- Opening Delimiter -

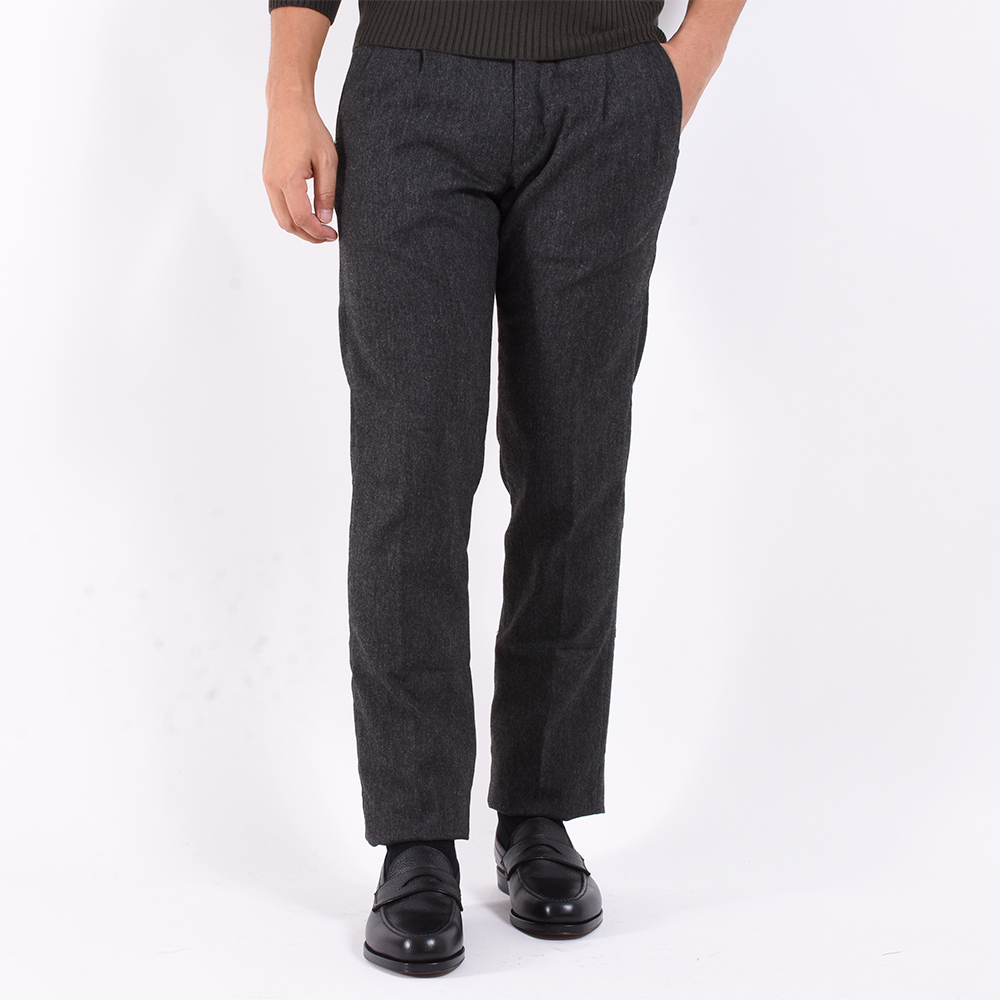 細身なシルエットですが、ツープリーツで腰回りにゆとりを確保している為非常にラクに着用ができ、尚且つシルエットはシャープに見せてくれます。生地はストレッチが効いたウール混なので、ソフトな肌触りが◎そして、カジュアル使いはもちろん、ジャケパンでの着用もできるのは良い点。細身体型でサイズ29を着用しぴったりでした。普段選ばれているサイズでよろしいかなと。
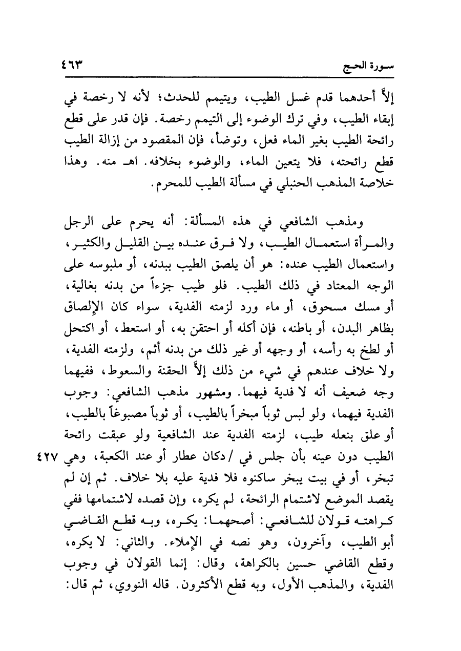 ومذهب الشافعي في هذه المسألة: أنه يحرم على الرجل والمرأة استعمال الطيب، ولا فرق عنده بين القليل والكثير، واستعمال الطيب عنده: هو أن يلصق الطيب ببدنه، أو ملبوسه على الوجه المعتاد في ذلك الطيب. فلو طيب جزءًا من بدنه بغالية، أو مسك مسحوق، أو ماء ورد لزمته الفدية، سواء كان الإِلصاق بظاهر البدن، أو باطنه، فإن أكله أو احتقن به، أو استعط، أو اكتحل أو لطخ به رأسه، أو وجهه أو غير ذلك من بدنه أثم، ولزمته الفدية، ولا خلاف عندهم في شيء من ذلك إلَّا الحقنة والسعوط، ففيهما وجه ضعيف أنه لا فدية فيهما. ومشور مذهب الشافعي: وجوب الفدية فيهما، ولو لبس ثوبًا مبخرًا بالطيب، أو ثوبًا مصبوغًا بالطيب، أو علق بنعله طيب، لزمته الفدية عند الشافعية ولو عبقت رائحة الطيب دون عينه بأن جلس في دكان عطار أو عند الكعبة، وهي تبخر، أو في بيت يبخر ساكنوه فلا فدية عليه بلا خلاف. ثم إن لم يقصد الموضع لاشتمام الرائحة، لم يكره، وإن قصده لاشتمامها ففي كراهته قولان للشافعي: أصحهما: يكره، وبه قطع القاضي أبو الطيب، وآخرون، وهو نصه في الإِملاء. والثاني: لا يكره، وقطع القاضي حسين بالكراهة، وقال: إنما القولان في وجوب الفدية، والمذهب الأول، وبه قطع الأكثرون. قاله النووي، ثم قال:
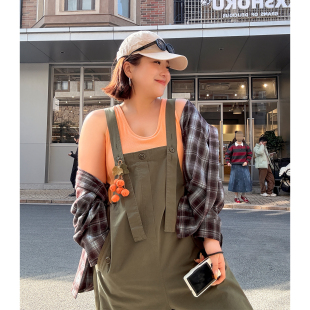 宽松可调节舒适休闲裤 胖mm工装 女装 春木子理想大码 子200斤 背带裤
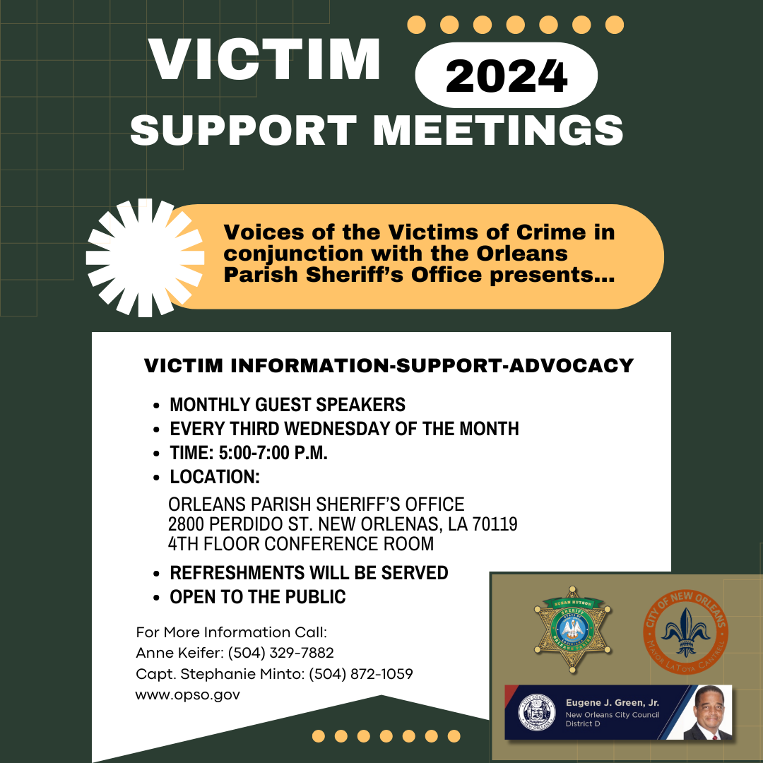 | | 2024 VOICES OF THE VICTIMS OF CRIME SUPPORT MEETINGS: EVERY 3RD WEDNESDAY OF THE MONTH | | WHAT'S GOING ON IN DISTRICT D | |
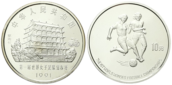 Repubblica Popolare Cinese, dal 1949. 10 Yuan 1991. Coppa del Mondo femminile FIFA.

- Closing Delimiter -

__What is needed__:
Each record should be printed again precisely, though not its pictures.

__Completed exercise__:
 細身なシルエットですが、ツープリーツで腰回りにゆとりを確保している為非常にラクに着用ができ、尚且つシルエットはシャープに見せてくれます。生地はストレッチが効いたウール混なので、ソフトな肌触りが◎そして、カジュアル使いはもちろん、ジャケパンでの着用もできるのは良い点。細身体型でサイズ29を着用しぴったりでした。普段選ばれているサイズでよろしいかなと。
 ومذهب الشافعي في هذه المسألة: أنه يحرم على الرجل والمرأة استعمال الطيب، ولا فرق عنده بين القليل والكثير، واستعمال الطيب عنده: هو أن يلصق الطيب ببدنه، أو ملبوسه على الوجه المعتاد في ذلك الطيب. فلو طيب جزءًا من بدنه بغالية، أو مسك مسحوق، أو ماء ورد لزمته الفدية، سواء كان الإِلصاق بظاهر البدن، أو باطنه، فإن أكله أو احتقن به، أو استعط، أو اكتحل أو لطخ به رأسه، أو وجهه أو غير ذلك من بدنه أثم، ولزمته الفدية، ولا خلاف عندهم في شيء من ذلك إلَّا الحقنة والسعوط، ففيهما وجه ضعيف أنه لا فدية فيهما. ومشور مذهب الشافعي: وجوب الفدية فيهما، ولو لبس ثوبًا مبخرًا بالطيب، أو ثوبًا مصبوغًا بالطيب، أو علق بنعله طيب، لزمته الفدية عند الشافعية ولو عبقت رائحة الطيب دون عينه بأن جلس في دكان عطار أو عند الكعبة، وهي تبخر، أو في بيت يبخر ساكنوه فلا فدية عليه بلا خلاف. ثم إن لم يقصد الموضع لاشتمام الرائحة، لم يكره، وإن قصده لاشتمامها ففي كراهته قولان للشافعي: أصحهما: يكره، وبه قطع القاضي أبو الطيب، وآخرون، وهو نصه في الإِملاء. والثاني: لا يكره، وقطع القاضي حسين بالكراهة، وقال: إنما القولان في وجوب الفدية، والمذهب الأول، وبه قطع الأكثرون. قاله النووي، ثم قال:
 宽松可调节舒适休闲裤 胖mm工装 女装 春木子理想大码 子200斤 背带裤
 | | 2024 VOICES OF THE VICTIMS OF CRIME SUPPORT MEETINGS: EVERY 3RD WEDNESDAY OF THE MONTH | | WHAT'S GOING ON IN DISTRICT D | |
 Repubblica Popolare Cinese, dal 1949. 10 Yuan 1991. Coppa del Mondo femminile FIFA.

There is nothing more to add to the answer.